Esse modo de pensar a cidadania e o modo de conceber o direito, sempre com a contrapartida do dever, sacrificam ainda mais a população beneficiária da assistência social levando-nos a considerar que seus deveres lhes são sempre cobrados, enquanto o direito é, na melhor das hipóteses, uma virtualidade, ou seja, algo que existe tão somente enquanto potencialidade. Entretanto, a política de assistência social vale-se dessa abordagem para cobrar o compromisso dessas pessoas que devem “fazer a sua parte”, quase que alimentando uma teoria voluntarista da ação. É essa mesma abordagem, portanto, que subsidia o estabelecimento das condicionalidades e a cobrança de seu cumprimento.

A respeito das condicionalidades, Simon Schwartzman (2006, p. 17) considera que, além das dúvidas sobre a efetivação das condicionalidades, não há razões para acreditar que “políticas que busquem alterar o comportamento quotidiano das pessoas possam ser dirigidas e comandadas a partir do governo federal, em uma relação direta com as famílias”.

Mais recentemente o próprio MDS tem divulgado algumas pesquisas sobre o cumprimento das condicionalidades exigidas pelo PBF e seus efeitos para as famílias atendidas (MDS, 2006d). Em termos gerais, o que se tem diagnosticado é, de um lado, uma excelente eficácia na seleção dos beneficiários do PBF e, de outro, são sérias dúvidas sobre os efeitos das condicionalidades. Fábio Veras Soares, Rafael Perez Ribas e Rafael Guerreiro Osório (2007), em trabalho de Centro Internacional da Pobreza, formulam as principais conclusões a esse respeito. Quanto à alimentação, os autores avaliam que o PBF não provocou alterações significativas no nível de consumo, mas alterou seu perfil de gasto, com mais consumo de alimentos, vestuário infantil e material escolar. Em relação à educação, a pesquisa revela que houve um aumento da freqüência à escola e redução da evasão. No entanto, houve aumento da repetência. Para os autores, tais resultados confirmam a tese de que a quebra do ciclo intergeracional de transmissão da pobreza não pode ocorrer com intervenções que se concentram apenas “do lado da demanda”. É preciso, igualmente, intervir na qualidade dos serviços, políticas e oportunidades ofertados a essa população (SOARES, RIBAS e OSÓRIO, 2007, p. 9).

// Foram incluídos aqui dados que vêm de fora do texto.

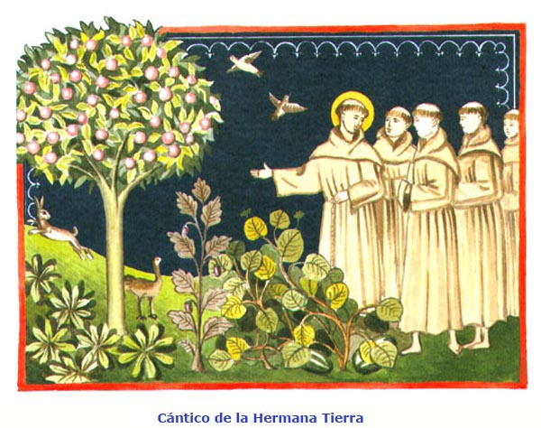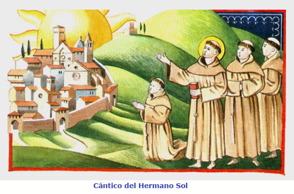 Sólo cuando uno ha llegado a sentir ese cambio, sólo el convertido, está en disposición de elevarse a Dios desde las criaturas y de hallar en éstas un medio de liberación y no un estorbo en el camino. A Francisco le vemos muchas veces inundado de gozo ante la creación hermana y bendiciendo a Dios por ella, pero ni una sola vez nos lo han presentado sus biógrafos abandonándose al goce de las cosas bellas y agradables; y no por el miedo ascético al peligro que puede venirle de las mismas, sino porque detenerse egoístamente en lo que tienen de placentero es un género de «apropiación», un atentado contra la libertad con que ellas deben pregonar la bondad del Dios Altísimo, de quien es todo bien: «Vamos a dar permiso a la hermana cigarra -dijo el bienaventurado Francisco- para que vaya a donde quiera. Nos ha consolado bastante. Y podría ser ocasión de vanagloria para nuestra carne».[2] No lo hubiera sufrido ni su sensibilidad ni su fe retener prisionero en la jaula, por propio entretenimiento, un pajarillo, creado para vivir y cantar libre en la enramada; ni cortar una flor, hecha para alegrar el espacio con perfumes y colores, para solazarse él privadamente. Daba libertad siempre que podía aun a los animalitos destinados a servir de alimento. Sabido es que, precisamente, ese respeto del Poverello a la naturaleza, individualizada en tantos hermanos y hermanas cuantos son los seres con derecho a la existencia y a la libertad, es lo que le ha merecido el ser declarado Patrono de los ecologistas. El breve pontificio, que lo proclamó como tal en 1979, fue promulgado a petición de las sociedades ecologistas.[3] EL CÁNTICO DE LAS CRIATURAS[4] Al leer el maravilloso Cántico de las Criaturas o del Hermano Sol, creeríamos que salió del alma del santo trovador en una mañana radiante, cuando la belleza de la naturaleza se le metía por los ojos, por los oídos, por todo su ser, embriagándole de dulzura; y nos lo imaginamos rebosante de bienestar, cantando al Hacedor por el agrado que ha puesto en las cosas para servicio y satisfacción del hombre. Pero la realidad fue muy otra. El Poverello, copia viva del Crucificado con sus miembros llagados, iba acercándose al final de su vida. Ya no podía tener en pie aquel cuerpo dolorido, atormentado de enfermedades y de pesadumbres, probado largamente en el seguimiento amante del Redentor. Estaba ciego. Para él ya no lucía aquel Sol hermano. La luz le atormentaba; le atormentaban las voces, los rumores: le atormentaban todas las criaturas. Clara le había hecho construir una choza en el huerto de San Damián; allí, después de cincuenta días sin hallar reposo por el fuerte dolor de los ojos, pasó una noche malísima, con dolores corporales y angustias espirituales. No parecía sino que toda la creación de Dios se daba cita para hacerle sufrir; hasta se añadieron los ratones, corriendo a bandadas por encima de sus miembros enfermos. Y fue entonces cuando, llegada por fin la mañana, llamó a sus compañeros y, como en un éxtasis de amor y de gozo, los fue enseñando a cantar: Altísimo, omnipotente, Señor bueno... Loado seas, mi Señor, con todas tus creaturas... (cf. LP 83; EP 120). Añaden los «tres compañeros», testigos inmediatos, que desde entonces, en los momentos de mayor recrudecimiento de los dolores corporales, se hacía cantar el Cántico del Hermano Sol con melodía compuesta por él mismo, «para poder apartar la atención de la acerbidad de los dolores mediante el gusto de las alabanzas del Señor; y así hasta el día de su muerte (LP 83). Es la culminación de una vida toda ella penitencial, sostenida por un amor purificante. Francisco pudo captar y celebrar cuanto hay de bello, de bueno y de útil en las cosas, precisamente porque su corazón se había liberado de todo acaparamiento posesivo. Todo ser creado le resulta amable aun cuando, para él, se convierte en fuente de sufrimiento. Quien mira la creación como objeto de goce o de pura utilización no llegará nunca a entenderla. Pero también este hallazgo temió apropiárselo si se lo reservaba para sí solo. Había que hacer de él un medio de servicio fraterno a los hombres. Su mensaje de paz, embajada de amor y alegría, había que decirlo cantando, con el arte de la gaya ciencia, que entonces hallaba acogida siempre favorable en todos los ánimos. Los hermanos menores debían ser los juglares de Dios, y ayudarían a los hombres, inmersos en los afanes terrenos y faltos de perspectiva para percibir el concierto de las cosas, a captar la voz encerrada en cada una, saber usarlas con respeto y con sentimiento de hermandad, con gratitud rendida al Creador, porque son bellas y útiles. Tenía la seguridad de que así los hombres se sentirían más hermanos (cf. LP 83). Y sucedió que, cuando ya tenía compuesta su canción y preparado su equipo de juglares de Dios, a las órdenes de fray Pacífico, el «trovador laureado», se trabaron en una enemistad escandalosa el obispo y el podestá de Asís. Entonces Francisco añadió una estrofa que comenzaba así: Loado seas, mi Señor, por aquellos que perdonan por tu amor, y envió a sus juglares a cantar todo el cántico ante las dos autoridades reunidas con sus comitivas. Obispo y podestá terminaron por abrazarse conmovidos, y la paz fue restablecida (LP 84). También para Clara y sus hermanas compuso Francisco un mensaje con canto sobre el tema de la caridad mutua y de la unión de corazones, y lo hizo cantar al grupo de hermanos cantores; es el Audite, poverelle (LP 85). El alma de Clara, por lo demás, fue también en esto exacta resonancia de la de Francisco, aun estando alejada, en su retiro, de las bellezas creadas. Así lo declara una testigo del Proceso de canonización:

De acordo com o estudo de caso em Londrina, as condicionalidades, ou compromissos exigidos das famílias, podem, ainda, assumir um caráter capaz de ofuscar a relação entre a política e as/os usuárias/os. Além das obrigações relacionadas à educação e à saúde, inclui-se a “obrigação do beneficiário” (...) de “participar assiduamente das atividades propostas pelo

programa: reuniões e outros encaminhamentos que se fizerem necessários”14. Usando um artifício

discursivo, esta obrigação é também apresentada como um “direito”, constante do Termo de Adesão e Compromisso assinado pela pessoa responsável pelo benefício, diga-se, pela mulher, que deste modo passa a acumular mais responsabilidades em favor do grupo familiar.

A expressão “obrigação” vem sendo aos poucos varrida da linguagem da assistência social no decorrer dos últimos anos, especialmente nos trabalhos realizados em grupos. Assim, nessas ocasiões as assistentes sociais dizem para as usuárias que “é importante”, “é um compromisso”, a participação delas nas reuniões para as quais são convocadas. Na seqüência advertem que não havendo este compromisso elas estarão sujeitas ao bloqueio do benefício. Efetivamente a advertência da assistente social soa como ameaça para a maioria das mulheres usuárias e expressa uma alienação do direito aos benefícios assistenciais.